Tempest Announces Publication of Positive Data from Phase 1 Trial of TPST-1120 in Patients with Advanced Solid Tumors in Journal of Cancer Research Communications
- TPST-1120, a first-in-class, oral, selective PPAR⍺ antagonist, demonstrates clinical activity in PD-1 inhibitor refractory and immune compromised cancers
- Based on subsequent positive randomized data, Company preparing to move TPST-1120 into pivotal Phase 3 trial in HCC
BRISBANE, Calif., April 04, 2024 (GLOBE NEWSWIRE) — Tempest Therapeutics, Inc. (Nasdaq: TPST), a clinical-stage biotechnology company developing first-in-classi targeted and immune-mediated therapeutics to fight cancer, today announced that Cancer Research Communications published positive clinical data from the dose-escalation Phase 1 trial of TPST-1120 in an article titled “First-in-Human Phase I Trial of TPST-1120, an inhibitor of PPARα, as Monotherapy or in Combination with Nivolumab, in Patients with Advanced Solid Tumors.” The data showed that TPST-1120 demonstrated clinical activity, including tumor shrinkage, even in PD-1 inhibitor refractory and immune compromised cancers, and was well tolerated both as monotherapy and in combination with nivolumab. These earlier Phase 1 data complement the positive Phase 1b/2 data reported in October 2023 from a global randomized study of TPST-1120 in combination with atezolizumab and bevacizumab in first-line patients with advanced HCC, which showed clinical superiority of the TPST-1120 arm across multiple study endpoints and relevant biomarker-defined patient subpopulations.
“In this Phase 1 study of TPST-1120, we saw the first evidence of anti-tumor activity in multiple cancer types, affirming our belief that PPARα inhibition is an exciting and novel approach for cancer treatment,” said Sam Whiting, M.D., Ph.D., chief medical officer and head of R&D at Tempest. “These early-phase data are supported by the positive top line results of the ongoing randomized Phase 1b/2 trial in first-line HCC. We believe there is tremendous potential for TPST-1120 to make a meaningful impact for patients and we look forward to providing updated data this year.”

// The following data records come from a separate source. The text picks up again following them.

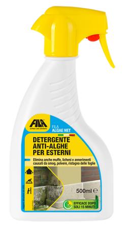 FILAALGAE NET è il detergente rapido per esterni che rimuove alghe, muffe e annerimenti risanando a fondo pareti e pavimenti in pietra naturale, cemento, cotto, mattoni faccia a vista, klinker, intonaco e pitture murali.
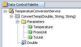 The Output Text item that will display the result of calling this ConvertTemperature service is added to the page, bound to the appropriate attribute in the Page Definition file:
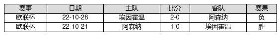 阿森纳 VS 埃因霍温两队近10年的交战次数为2场,阿森纳1胜0平1负,赢球概率为50%,平局概率为0%,输球概率为50%。
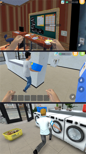 2、游戏采用3D引擎打造,玩家可以自由旋转视角,全方位观察和管理自己的洗衣店,体验真实的经营过程。
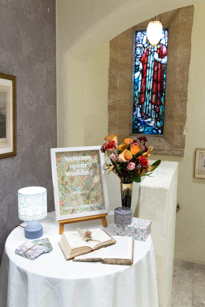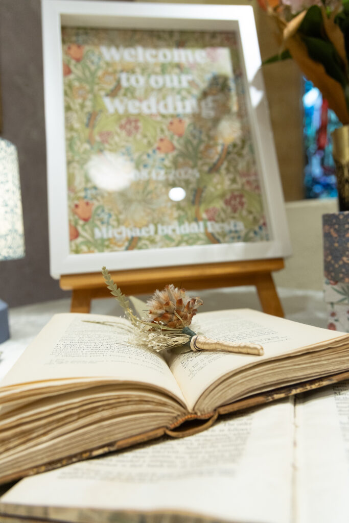 白いクロスに濃い色味のウィリアム・モリスの作品が良く映えています✨
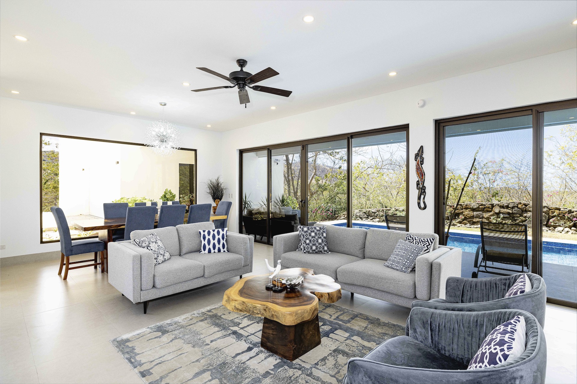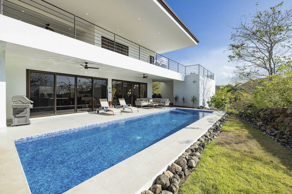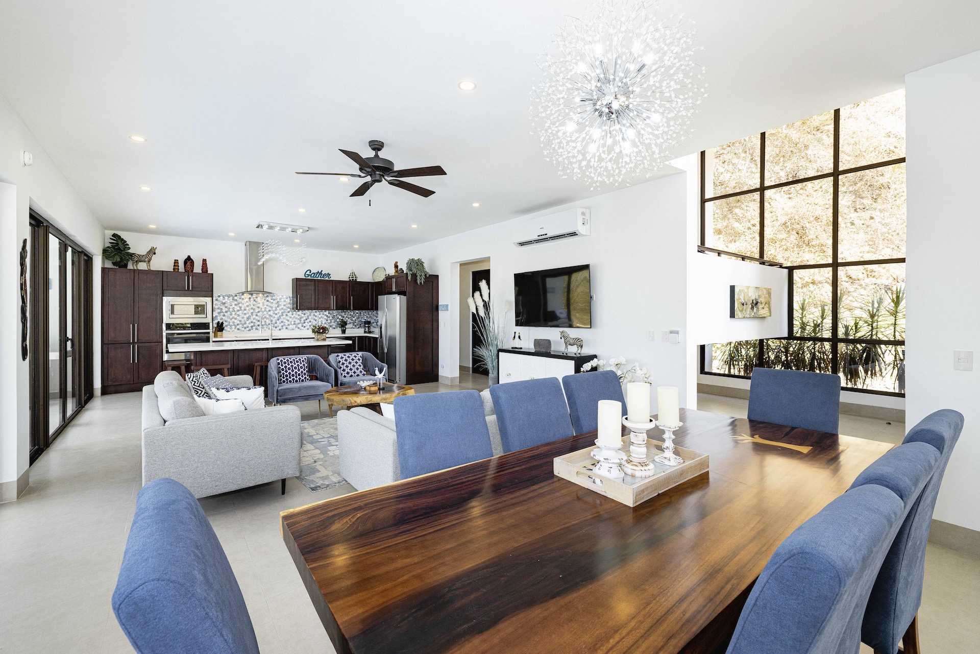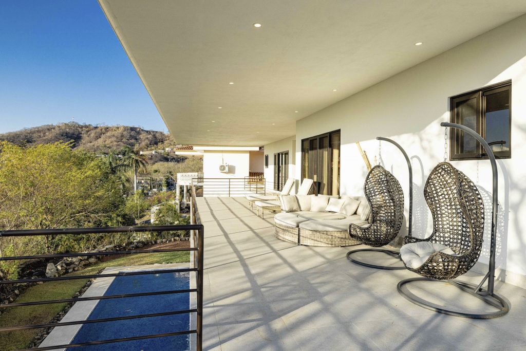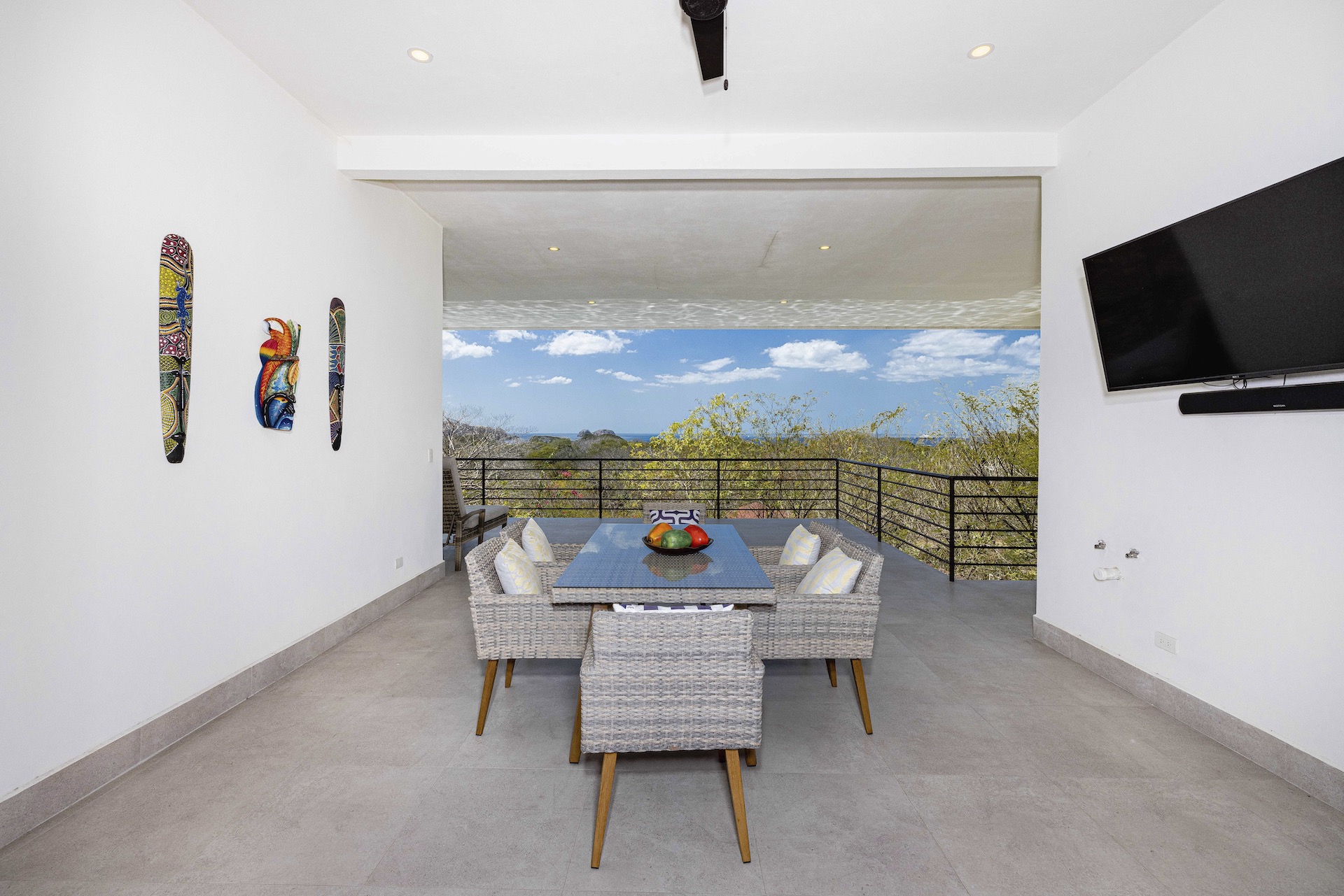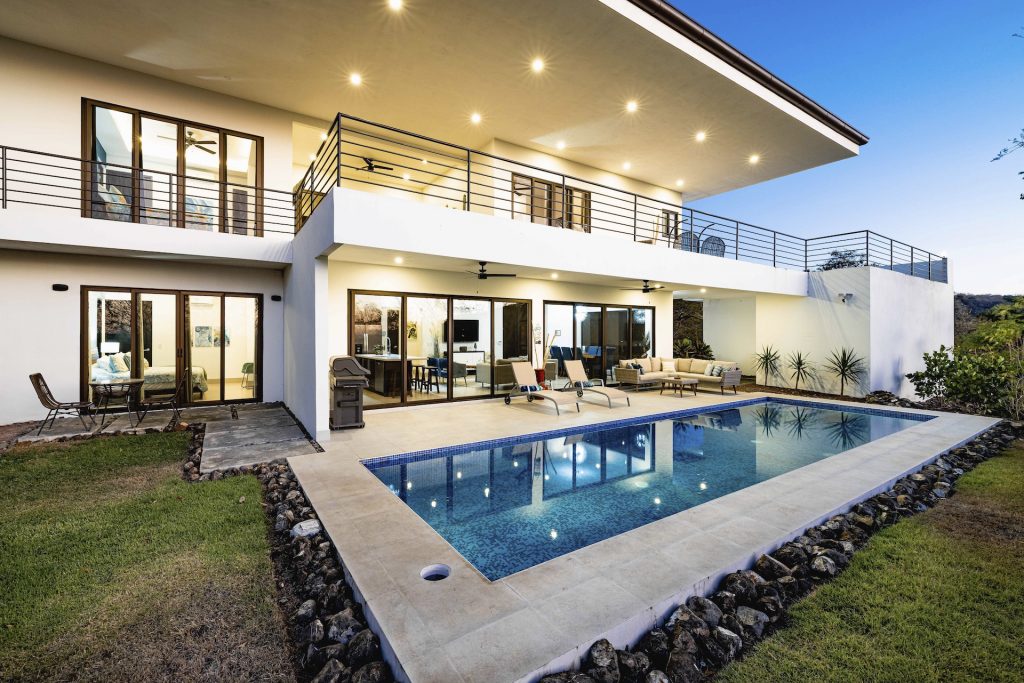 Experience refined coastal living in this brand-new ocean view estate inside the coveted Monte Bello in Playa Hermosa, offering 3 bedrooms, 3.5 baths, a huge private pool, attached 2-car garage, and an impressive 3,628 total square feet of thoughtfully designed space. Privately positioned on an estate-sized lot of nearly half an acre (1,612 square meters), the home is accessed by a winding driveway framed by mature tropical trees, setting a tone of tranquility from the moment you arrive. The main level unfolds into an immense great room where living, dining, and a beautifully appointed kitchen blend seamlessly, flowing onto expansive covered terraces that embrace the large rectangular pool, BBQ area, and private yard—perfect for effortless indoor-outdoor entertaining. A spacious guest suite with ensuite bath, private terrace, and direct pool access anchors the first floor, complemented by a half bath and laundry room. Upstairs, every room enjoys captivating ocean views, including two massive master suites that open onto a sweeping covered terrace, plus an additional bonus terrace above the garage ideal for sunset lounging. Built and furnished with exceptional attention to detail, the residence showcases porcelain tile flooring throughout, quartz countertops, custom hardwood doors and cabinetry, and a classic ceramic tile roof. With 2,302 square feet of air-conditioned interior living space, owners enjoy rock-solid infrastructure, low density surroundings, and close proximity to the sands of Playa Hermosa Beach, the conveniences of Liberia and its international airport, as well as dining, nightlife, and watersports—while still savoring the serenity of a private hideaway. Whether envisioned as a luxurious vacation retreat, full-time residence, or income-producing investment, this is the dream home you have been planning—make your move to paradise today.

About the TPST-1120 Phase 1 Study
In this first-in-human Phase 1 study, 35 patients were treated with escalating doses of TPST-1120 either as monotherapy (20 patients) or in combination with the anti-PD-1 therapy, nivolumab (15 patients). TPST-1120 was well-tolerated as monotherapy and in combination, with a maximum tolerated dose not identified and predominantly low-grade toxicity. Notwithstanding the late-line stage of these patients and difficult to treat tumor types, clinical benefit was observed as both a monotherapy and combination.2 In monotherapy, a best response of stable disease (SD) was observed in 53% (10/19) of evaluable patients, with 5 of those patients staying on treatment for more than 5 months. Tumor shrinkage of target lesions on treatment occurred in 21% (4 patients) and a best response of no target lesion growth was seen in 3 additional patients.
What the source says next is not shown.